Share via


Best way to Delete the Data

Question

Wednesday, August 23, 2017 6:16 AM

  • Hello All,

    I am facing an issue while deleting the records in the tables. Please find below the scenario-

    There are around 34 tables and each table contains 50 million records (One clustered index) and I want to delete around 20 Million records in each table. We need to complete this entire process of deletion in 3 hours.

    So far I have tested these 2 approaches :

    1. Using While loop (50000 records per iteration ) (Issue-The whole process is taking too much time)
    2. Tried to delete the data in one go(Issue- Log file becomes very big in size ,which results in insufficient space )

malik

All replies (11)

Wednesday, August 23, 2017 6:29 AM | 1 vote

Issue-The whole process is taking too much time

Mainly you only have these 2 approaches and deleting lot of data takes some time, depedning on available Memory & IO storage performance.

A third approach to creat additional tables, copy over the data which should remain, drop old tables and rename new ones to old name; but that requires a lot of work and will also take a lot of time.

Olaf Helper

[ Blog] [ Xing] [ MVP]


Wednesday, August 23, 2017 9:35 AM | 1 vote

Hi malik,

According to your post, it seems that you want to find the fastest way of deleting large amount of data in the table. For this purpose, I have done some research about which way of deleting data is more effective. Well, I find some good article for you to choose. You may try to test these situations based on these articles.

1.Delete a Huge Amount of Data from a Table

https://social.technet.microsoft.com/wiki/contents/articles/20651.sql-server-delete-a-huge-amount-of-data-from-a-table.aspx

2.How to delete large data of table in SQL without log?

https://stackoverflow.com/questions/24213299/how-to-delete-large-data-of-table-in-sql-without-log

3.Deleting 1 millions rows in SQL Server

https://stackoverflow.com/questions/24785439/deleting-1-millions-rows-in-sql-server

4.Optimizing Delete on SQL Server

https://stackoverflow.com/questions/955435/optimizing-delete-on-sql-server

Hope these are useful to you.

Best Regards,

Will

MSDN Community Support
Please remember to click "Mark as Answer" the responses that resolved your issue, and to click "Unmark as Answer" if not. This can be beneficial to other community members reading this thread. If you have any compliments or complaints to MSDN Support, feel free to contact MSDNFSF@microsoft.com.

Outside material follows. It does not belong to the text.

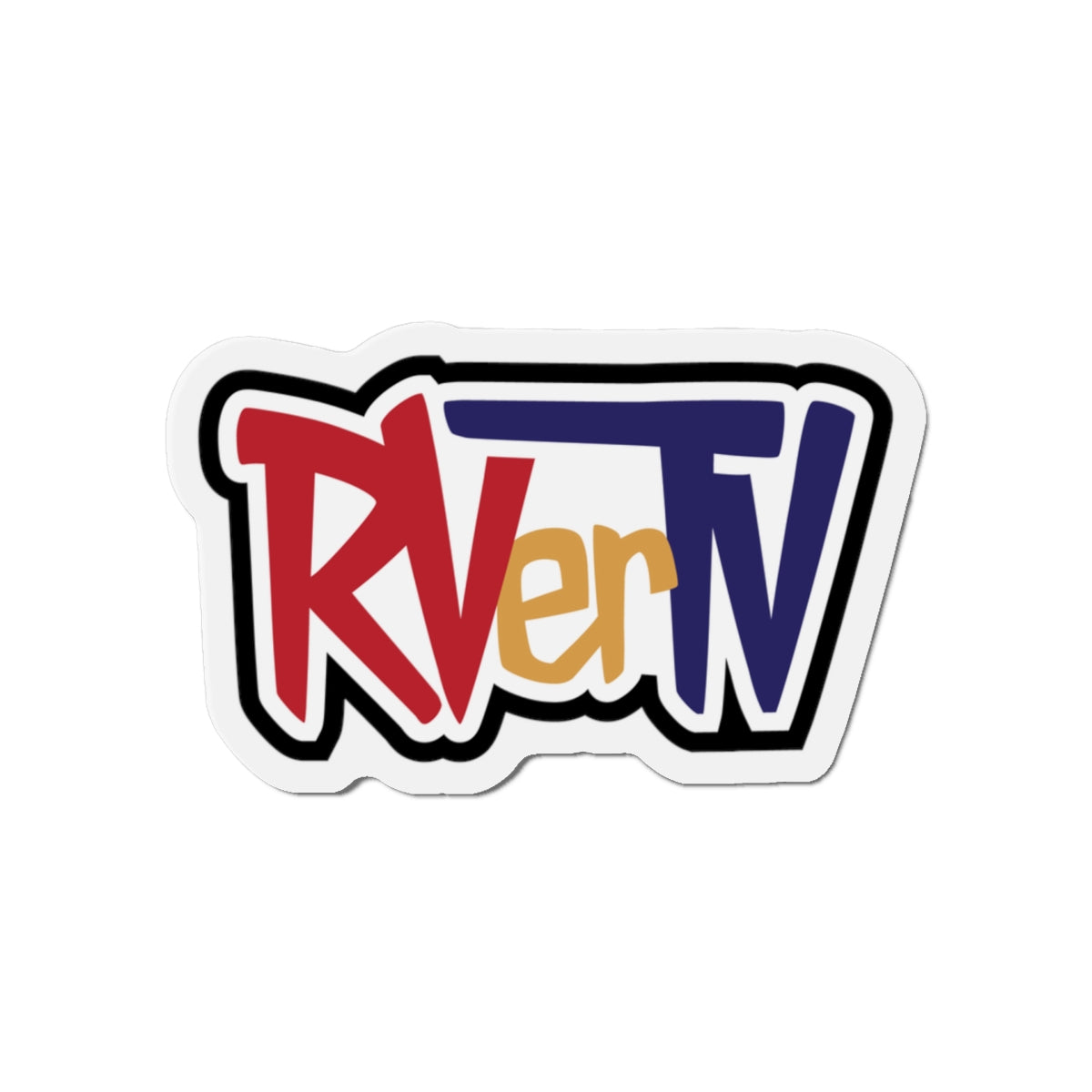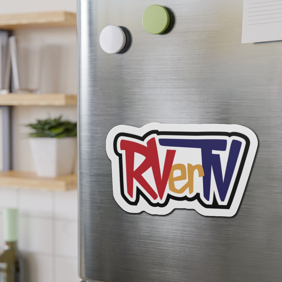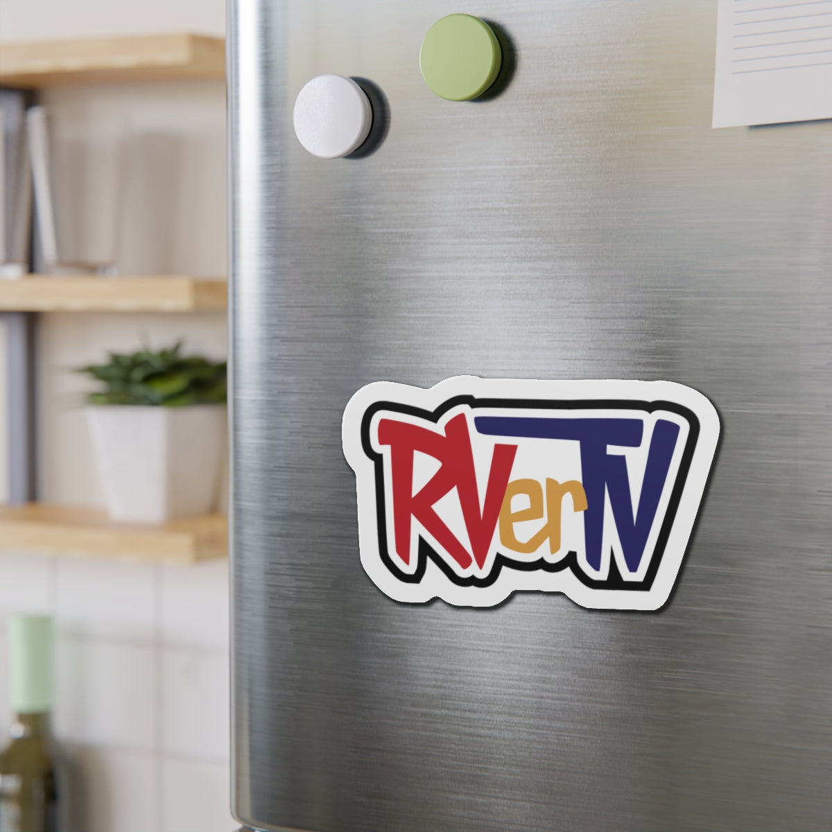 Our bold new RVerTV car magnet with vibrant red, yellow, and blue lettering that makes your RV adventures instantly recognizable on the road!

Wednesday, August 23, 2017 12:30 PM

If the database Recovery mode is set to FULL, you might try temporarily setting it to SIMPLE during the delete operation, which should cut down on some transaction logging overhead and speed up the delete operation.

Another option to deleting all 20mm rows at once would be to divide up the delete operation into smaller 'chunks' with a TRANSACTION operation. To give you the idea, here's some sample code that you could adapt for your purpose:

DECLARE @rowid int
SET @rowid = 100 -- start row
WHILE @rowid < 20000000 -- end row
BEGIN
    BEGIN TRAN
        DELETE    [tablename]
        WHERE    id <= @rowid

        IF @@Error <> 0
            ROLLBACK
        ELSE
            COMMIT
        SET @rowid = @rowid + 100000 -- commit tran every 100,000 rows
END -- Loop

My experience is that deleting smaller 'chunks' at a time, like 100 thousand or 500 thousand rows, actually goes faster than the entire 20mm rows all at once.

Reference:
BEGIN TRANSACTION (Transact-SQL)

Hope that helps,

 

Phil Streiff, MCDBA, MCITP, MCSA


Wednesday, August 23, 2017 1:44 PM

Can you share an example of your batch delete query? With only a clustered index, it would be best to delete in batches by clustered key range plus your other criteria. This will help avoid scanning the same rows many times.

Dan Guzman, Data Platform MVP, http://www.dbdelta.com


Friday, August 25, 2017 4:28 AM

Thanks for sharing the article. but the same result

malik


Friday, August 25, 2017 4:31 AM

Please find the query

Print getdate()
Declare @counter bigint
SET @COUNTER=0
WHILE (1=1)
BEGIN
BEGIN TRANSACTION
SET @Counter=@Counter+1

Delete top (50000) t1
From table1 t1
Inner join table2 T2
on  T1.clusterindex colnum  =   t2.clusterindex colnum

IF @@ROWCOUNT < 1 
BREAK
COMMIT TRANSACTION
PRINT '***Loop count - '+ CONVERT(VARCHAR(50),@Counter) +'   Date/time - '+ CONVERT(NVARCHAR(26),GETDATE(),109) +'***********'

IF @@ERROR=1
BEGIN
ROLLBACK TRANSACTION
BREAK
END
END

Print getdate()

malik


Friday, August 25, 2017 6:36 AM

If you have any criteria to separate the data to be deleted, you can have partitions based on it.

Once you partitioned your data, you can use SWITCH to move data to different tables(having said, there should be another table you need to create with same schema). Once the SWITCH completed, later you can truncate from the SWITCH-ed table. This must be one case that you can consider to achieve a faster data move.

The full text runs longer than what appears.